* What to produce
Write out exactly, excluding pictures, the lines from the one containing "Ажурна крісло Flora-ML" through the end of the data, both included.
+++ Given information
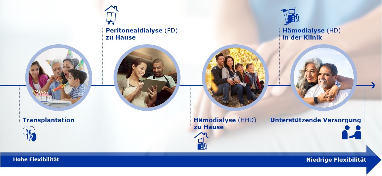 Es ist unser Ziel, jedem Patienten die richtige Behandlung zur richtigen Zeit und in der bevorzugten Umgebung zu bieten. Mehr über die verschiedenen Behandlungsmöglichkeiten der Dialyse erfahren Sie auch hier
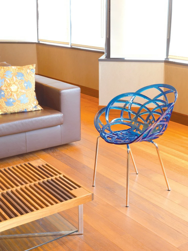 Ажурна крісло Flora-ML нагадує обрисами ніжну квітку. Плавні вигини крісла, що забезпечують зручну посадку і стійкі ніжки роблять його максимально комфортним. Сидіння виготовлено з полікарбонату, основа - металева, хромована, ніжки оснащені поліуретановими заглушками. Крісло виготовлено з міцних матеріалів, стійких до подряпин, механічних пошкоджень, дії вологи. Чудово доповнить інтер'єр вітальні, спальні, обідньої зони. Може бути використано для облаштування приміщення кафе, ресторану. Рекомендується використовувати в приміщенні.
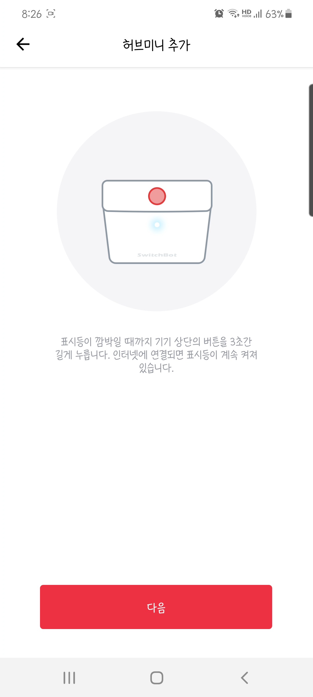 처음 전원이 들어가면 허브의 LED는 점멸로 표시됩니다. 스위치봇 앱을 실행하고 로그인 한 후 기기 등록을 하기위해서 허브의 버튼을 약 3초간 누릅니다. (매뉴얼엔 2초로 나오고 앱에선 3초로 표시 되어 있음) 그럼 앱과 허브가 통신을 하면서 등록합니다.
++++++
* Written response
 Ажурна крісло Flora-ML нагадує обрисами ніжну квітку. Плавні вигини крісла, що забезпечують зручну посадку і стійкі ніжки роблять його максимально комфортним. Сидіння виготовлено з полікарбонату, основа - металева, хромована, ніжки оснащені поліуретановими заглушками. Крісло виготовлено з міцних матеріалів, стійких до подряпин, механічних пошкоджень, дії вологи. Чудово доповнить інтер'єр вітальні, спальні, обідньої зони. Може бути використано для облаштування приміщення кафе, ресторану. Рекомендується використовувати в приміщенні.
 처음 전원이 들어가면 허브의 LED는 점멸로 표시됩니다. 스위치봇 앱을 실행하고 로그인 한 후 기기 등록을 하기위해서 허브의 버튼을 약 3초간 누릅니다. (매뉴얼엔 2초로 나오고 앱에선 3초로 표시 되어 있음) 그럼 앱과 허브가 통신을 하면서 등록합니다.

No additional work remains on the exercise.